Наклоняюсь и шепчу ему на ухо:
- Перестань думать. Всё, что тебе нужно - чувствовать. А теперь заставь себя кончить.
Он снова обхватывает себя рукой и начинает дрочить.
- Быстрее, — приказываю я.
Он подчиняется. Движения руки ускоряются, а я любуюсь его приоткрытыми губами, темными затуманенными глазами, сокращающимися мышцами пресса.
Из члена сочится достаточно предсемени, чтобы облегчить скольжение руки, но со смазкой ему было бы комфортнее, а так наверняка будет больно. Но мне всё равно. Он заслужил. Он должен быть благодарен, что я вообще позволяю ему кончить.
По отчаянным движениям его руки и напряжению всего тела, я понимаю, что он уже на грани – и затягиваю удавку на горле. Он придушенно вскрикивает, и сперма горячей струёй бьет из его члена. Я чуть не кончаю сам, глядя на это.
По его телу проходят судороги, струи выстреливают высоко в воздух и падают на пол. Волны возбуждения накатывают на меня, мне хочется закрыть глаза и отпустить себя, но я запрещаю себе это. Не хочу пропустить ни секунды этого зрелища.
Когда последние капли стекают по его пальцам, я тяну за ремень и опрокидываю Рафаэля навзничь. Он падает на спину, распрямляет ноги и замирает, обмякший, изможденный и подрагивающий от вибраций игрушки внутри. Смотрит, как я поднимаюсь и встаю над ним.

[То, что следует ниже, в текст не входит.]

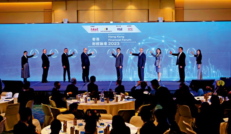 圖:“香港財(cái)經(jīng)論壇2023:探討香港國(guó)際化之優(yōu)勢(shì)與高質(zhì)量發(fā)展”昨日在香港會(huì)展中心舉行,一眾嘉賓進(jìn)行啟動(dòng)禮。

Мне хватает всего нескольких движений. Я смотрю на него – лежащего внизу, с моим ремнем на шее – и кончаю. Спина напрягается, яйца поджимаются, и уже мой член выстреливает струями спермы прямо ему на грудь, живот и пах.

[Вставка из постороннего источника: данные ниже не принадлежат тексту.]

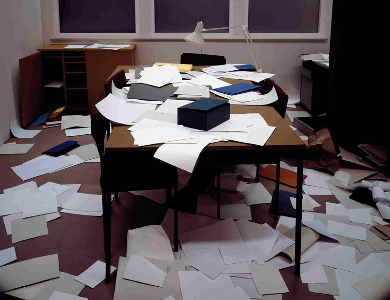 아래의 작품은 동독의 비밀경찰 조직이었던 슈타지(Stasi)의 본부가 시민들에 의해 점거되었을 당시의 현장 사진을 바탕으로 제작되었다. 역사적으로 권력이 붕괴된 그 순간을 그는 <사무실>이라는 작품으로 재현했다. 방 안에는 서류들이 흩어져 있고, 서랍들은 열려 있다. 한때 권력을 유지하던 시스템이 무너진 흔적이 공간에 남아 있다. 그러나 이 사진에는 질감도 없고, 서류에 적힌 내용 역시 모두 사라져 있다. 데만트는 이 사건의 이미지를 자신의 방식으로 해체한 것이다. 실제 역사 속에서 이 서류들은 누군가를 감시하고 억압했던 기록이자 증거였을 것이다. 하지만 그의 사진 속에서 그것들은 의미를 잃은 종이 조각에 불과하다. 데만트는 이렇게 미디어가 부여한 거대한 역사적 의미를 벗겨내고, 이미지가 가진 물질적이고 인위적인 성격을 드러낸다.

Облегчение приходит быстро – и так же быстро исчезает. Я всё ещё чертовски зол на него. За то, что игнорировал меня. За то, что заставил наказать его. А вместе с ним — и себя. Потому что я не получил то, чего хотел по-настоящему: войти и взять его.
Мне хочется бросить его здесь, на полу. Он уже почти отключился, глаза полуприкрыты, дыхание почти выровнялось.
Ремень, тело, испачканное моей спермой - я вспоминаю наш первый секс в переулке и как я оставил его одного в пентхаусе в ту ночь.
Я почти готов это повторить. Я знаю, что должен это повторить.
Но вместо этого - тянусь ему между ног, выключаю и бережно вынимаю игрушку. Беру кухонное полотенце и привожу его тело в порядок.
И даже вытираю слезу, скатившуюся из уголка его глаза. А потом поднимаю его с пола, укладываю спать и ложусь рядом.